- _What needs to be done_
Set down, exactly and only, everything from the line containing "In interior valul" down to the line containing "SONAMI busca frenar" in the data below; the pictures are not part of the copy.

- _Provided data_
=== Begin Enclosure ===
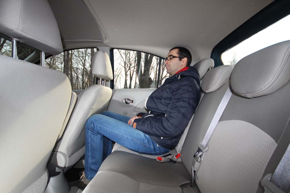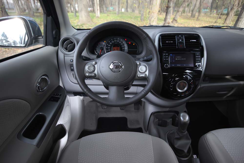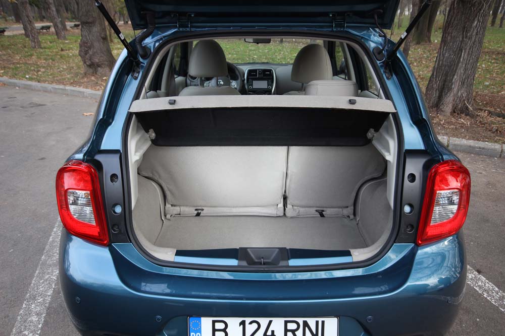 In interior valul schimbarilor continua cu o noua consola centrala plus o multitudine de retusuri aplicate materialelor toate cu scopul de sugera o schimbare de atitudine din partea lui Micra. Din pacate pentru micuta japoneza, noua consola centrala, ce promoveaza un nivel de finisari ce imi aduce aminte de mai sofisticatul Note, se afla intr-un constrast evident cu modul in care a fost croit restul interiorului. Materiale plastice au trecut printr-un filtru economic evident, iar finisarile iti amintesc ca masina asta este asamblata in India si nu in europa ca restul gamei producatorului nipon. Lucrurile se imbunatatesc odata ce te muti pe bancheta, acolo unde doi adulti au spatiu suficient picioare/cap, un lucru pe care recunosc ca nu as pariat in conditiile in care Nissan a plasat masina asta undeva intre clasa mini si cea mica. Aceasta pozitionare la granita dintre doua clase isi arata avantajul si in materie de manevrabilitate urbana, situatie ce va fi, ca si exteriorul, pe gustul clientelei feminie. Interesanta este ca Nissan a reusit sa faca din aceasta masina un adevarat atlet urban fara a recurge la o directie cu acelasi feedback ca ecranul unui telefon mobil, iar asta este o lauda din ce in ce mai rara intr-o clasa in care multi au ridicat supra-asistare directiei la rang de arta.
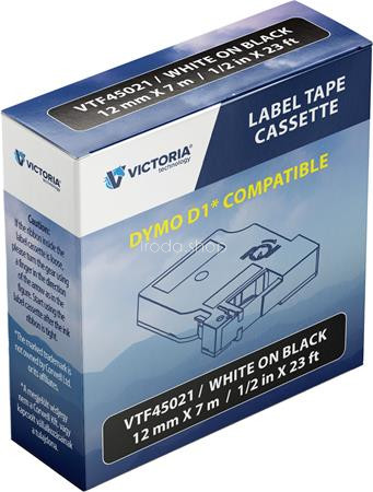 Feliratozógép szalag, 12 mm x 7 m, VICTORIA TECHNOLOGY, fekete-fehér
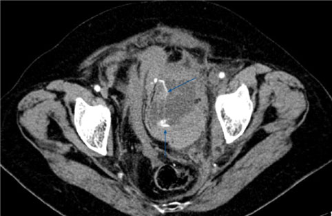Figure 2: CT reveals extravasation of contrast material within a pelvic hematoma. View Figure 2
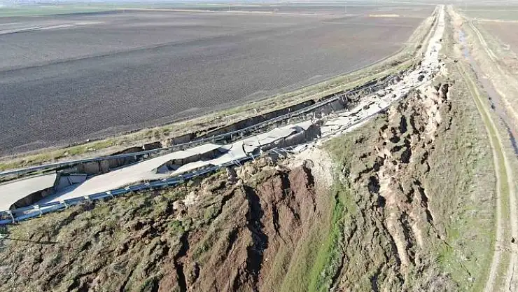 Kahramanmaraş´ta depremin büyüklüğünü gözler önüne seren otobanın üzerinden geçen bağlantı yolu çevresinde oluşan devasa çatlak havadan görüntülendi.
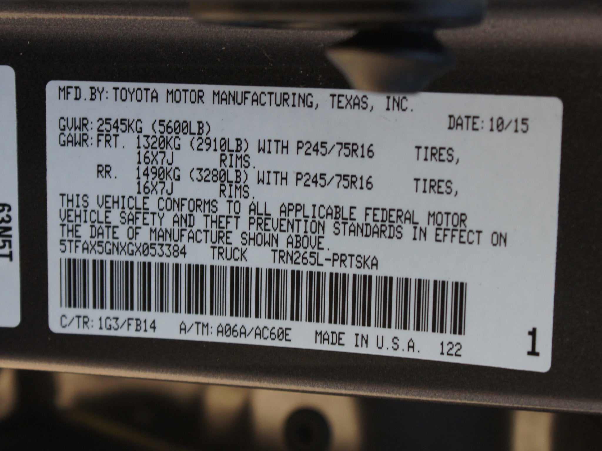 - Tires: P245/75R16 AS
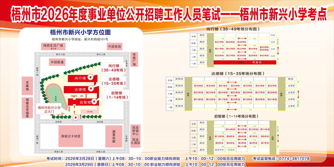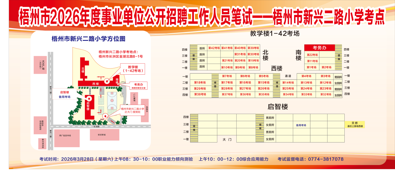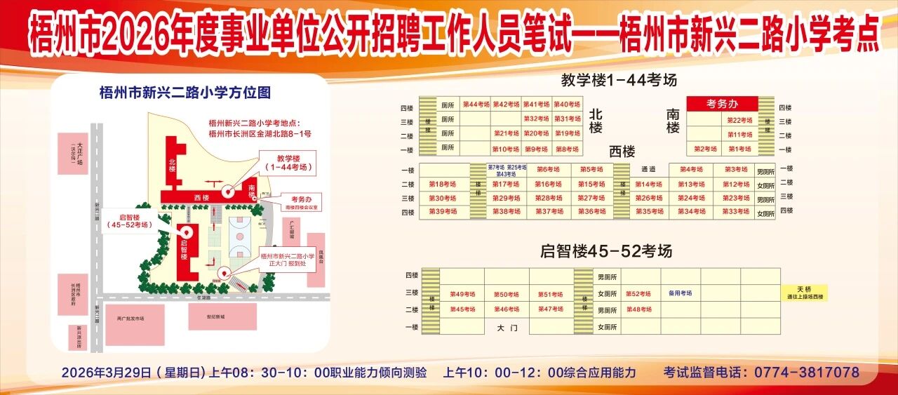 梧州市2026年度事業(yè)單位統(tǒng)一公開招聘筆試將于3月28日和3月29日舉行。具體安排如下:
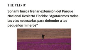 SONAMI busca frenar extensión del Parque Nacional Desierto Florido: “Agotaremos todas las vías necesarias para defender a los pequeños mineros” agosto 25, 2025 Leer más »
=== End Enclosure ===
=== Begin Enclosure ===
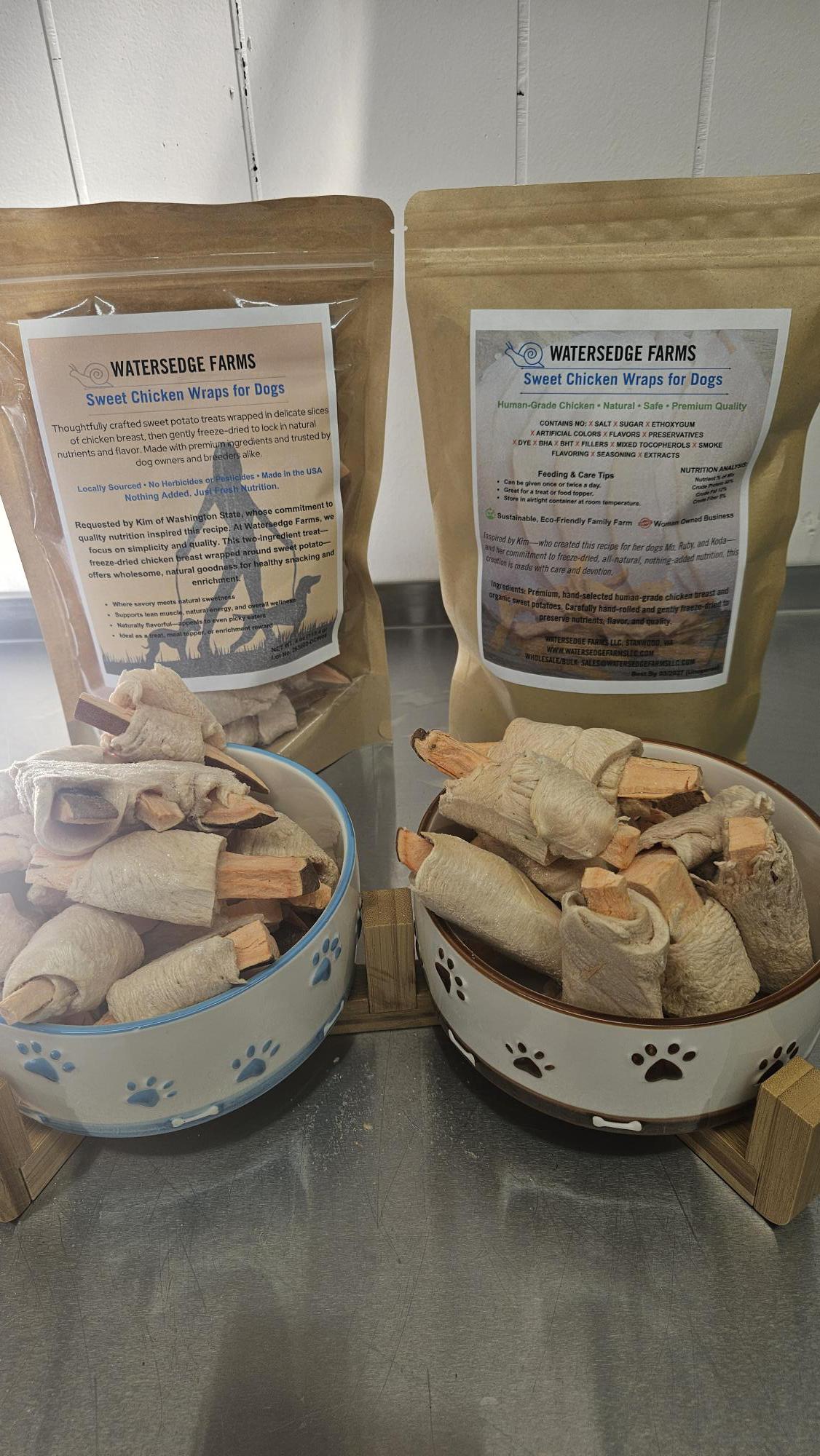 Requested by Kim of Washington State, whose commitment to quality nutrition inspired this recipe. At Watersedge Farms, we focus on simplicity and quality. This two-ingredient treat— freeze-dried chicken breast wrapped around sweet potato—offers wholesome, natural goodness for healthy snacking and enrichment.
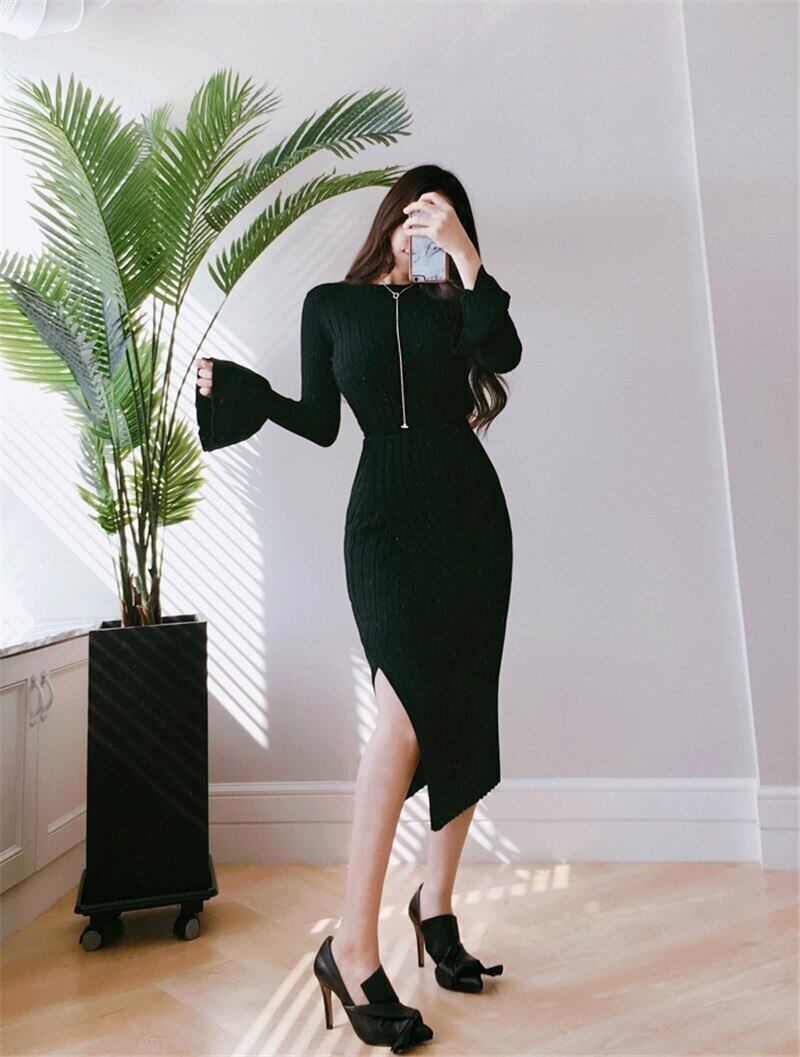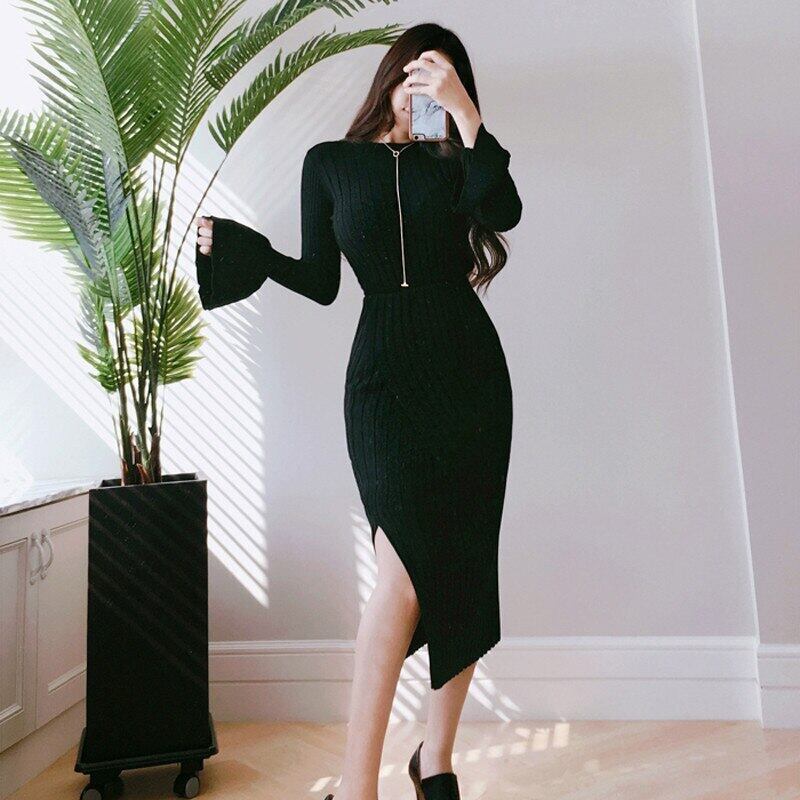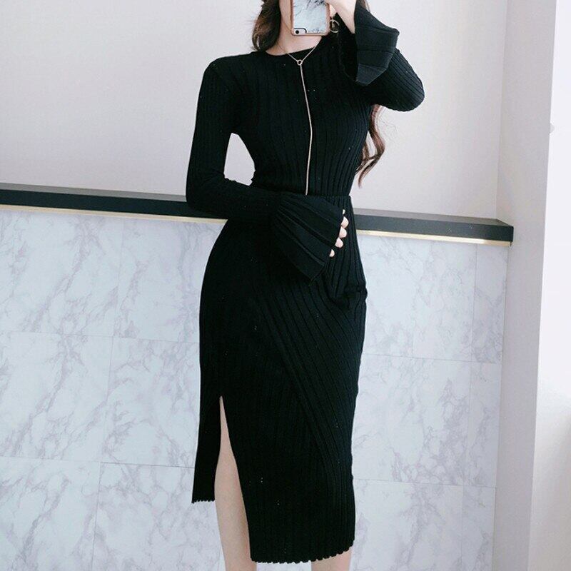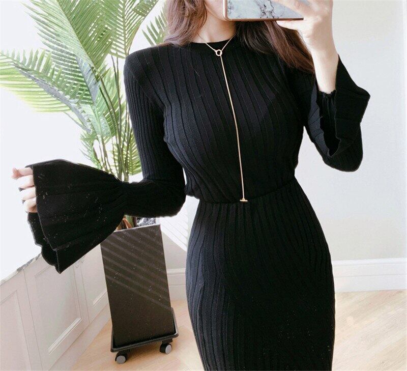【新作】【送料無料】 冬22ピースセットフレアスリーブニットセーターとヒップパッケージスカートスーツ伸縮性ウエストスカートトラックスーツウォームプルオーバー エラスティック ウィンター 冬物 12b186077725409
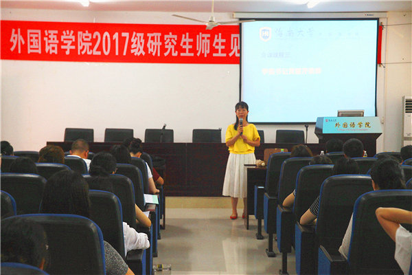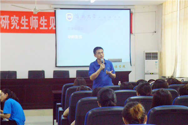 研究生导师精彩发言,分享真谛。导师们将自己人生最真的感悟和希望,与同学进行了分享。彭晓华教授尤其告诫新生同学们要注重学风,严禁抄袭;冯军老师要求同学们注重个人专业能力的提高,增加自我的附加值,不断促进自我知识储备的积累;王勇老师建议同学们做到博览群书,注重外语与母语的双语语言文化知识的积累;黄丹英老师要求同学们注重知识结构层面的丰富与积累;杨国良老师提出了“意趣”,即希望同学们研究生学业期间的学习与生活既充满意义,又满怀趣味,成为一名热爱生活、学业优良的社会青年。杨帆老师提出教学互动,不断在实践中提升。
=== End Enclosure ===
- _Output for this exercise_
 In interior valul schimbarilor continua cu o noua consola centrala plus o multitudine de retusuri aplicate materialelor toate cu scopul de sugera o schimbare de atitudine din partea lui Micra. Din pacate pentru micuta japoneza, noua consola centrala, ce promoveaza un nivel de finisari ce imi aduce aminte de mai sofisticatul Note, se afla intr-un constrast evident cu modul in care a fost croit restul interiorului. Materiale plastice au trecut printr-un filtru economic evident, iar finisarile iti amintesc ca masina asta este asamblata in India si nu in europa ca restul gamei producatorului nipon. Lucrurile se imbunatatesc odata ce te muti pe bancheta, acolo unde doi adulti au spatiu suficient picioare/cap, un lucru pe care recunosc ca nu as pariat in conditiile in care Nissan a plasat masina asta undeva intre clasa mini si cea mica. Aceasta pozitionare la granita dintre doua clase isi arata avantajul si in materie de manevrabilitate urbana, situatie ce va fi, ca si exteriorul, pe gustul clientelei feminie. Interesanta este ca Nissan a reusit sa faca din aceasta masina un adevarat atlet urban fara a recurge la o directie cu acelasi feedback ca ecranul unui telefon mobil, iar asta este o lauda din ce in ce mai rara intr-o clasa in care multi au ridicat supra-asistare directiei la rang de arta.
 Feliratozógép szalag, 12 mm x 7 m, VICTORIA TECHNOLOGY, fekete-fehér
Figure 2: CT reveals extravasation of contrast material within a pelvic hematoma. View Figure 2
 Kahramanmaraş´ta depremin büyüklüğünü gözler önüne seren otobanın üzerinden geçen bağlantı yolu çevresinde oluşan devasa çatlak havadan görüntülendi.
 - Tires: P245/75R16 AS
 梧州市2026年度事業(yè)單位統(tǒng)一公開招聘筆試將于3月28日和3月29日舉行。具體安排如下:
 SONAMI busca frenar extensión del Parque Nacional Desierto Florido: “Agotaremos todas las vías necesarias para defender a los pequeños mineros” agosto 25, 2025 Leer más »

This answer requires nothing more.